Ce qui ferait mal à la production serait un réchauffement rapide et irréversible dans les prochains jours. Un printemps qui s'invite trop vite met fin aux sucres. «Avec les changements climatiques, on n'ose plus faire de prédictions. Il faudrait arrêter de réchauffer ça, cette planète-là.»

Gérald Brisebois n'est pas le seul à croire que la température de la planète est responsable des malheurs des acériculteurs. «Les changements climatiques créent une instabilité plus grande durant les périodes de transition des saisons», explique l'agronome Jean-Pierre Bellegarde, de la Fédération des producteurs acéricoles du Québec. Et c'est durant cette fragile période que tout se joue, pour l'érable. Les dernières années, le mois de mars a été froid et le mois d'avril soudainement chaud, explique M. Bellegarde.

Dans certaines régions du Québec, 2008 a donné moins de la moitié du sirop récolté habituellement, alors qu'aux États-Unis l'année dernière a été exceptionnelle.

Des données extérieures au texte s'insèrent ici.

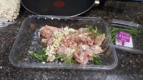 한입 크기로 썰은 후 올리브오일 마늘 소금 후추 로즈마리를 넣고 주물러주세요.
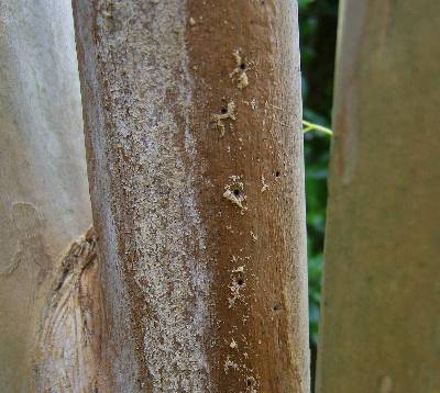 Q: I have toothpicks of sawdust coming out of the trunk of one of my crapemyrtles. The other one looks OK but this one can’t put out much new growth.
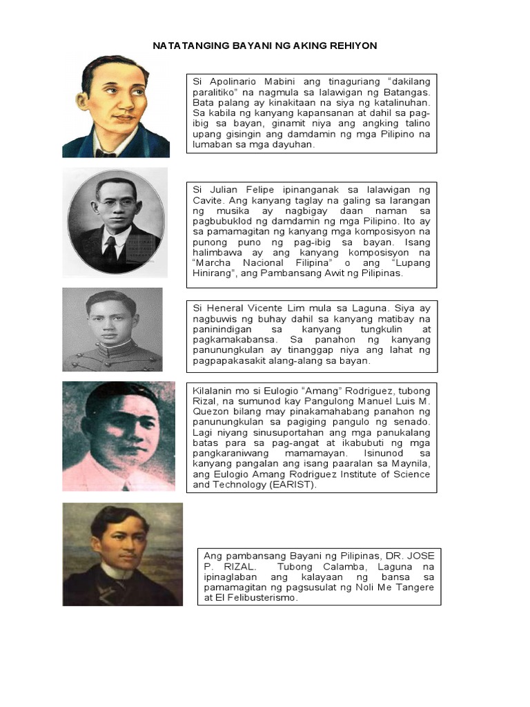 Batay sa kanila ang bayƔni ay matapang may matinding pag-ibig sa bayan at nagbubuwis ng buhay para dito. Save Save Ang Mga Bayani Sa Aking Lalawigan at Rehiyon For Later. Ang aking Bayani ay ang aking Magulang.

«Pour établir quels sont les effets des changements climatiques ou du réchauffement de la planète sur l'acériculture, il faut regarder les données sur une très longue période, explique le professeur Timothy Perkins, du Centre de recherche sur l'érable de l'Université du Vermont. Aux États-Unis, durant les 40 dernières années, nous avons la même production, mais la période a changé.» Le temps des sucres chez l'Oncle Sam commence aujourd'hui une semaine plus tôt. Et, fait plus important, il dure trois jours de moins. «Ça peut paraître peu, explique le professeur Perkins, mais il y a 40 ans, la période durait 33 jours. Maintenant, seulement 30. C'est une diminution de 10%.»

Heureusement, la récolte, elle, n'a pas diminué d'autant parce que les méthodes de production se sont améliorées.

Plus de la moitié des érablières du monde se trouvent au sud de la frontière, mais il s'agit souvent de petites exploitations traditionnelles qui produisent peu de sirop. Les 7400 acériculteurs du Québec produisent 75% de tout le sirop d'érable du monde.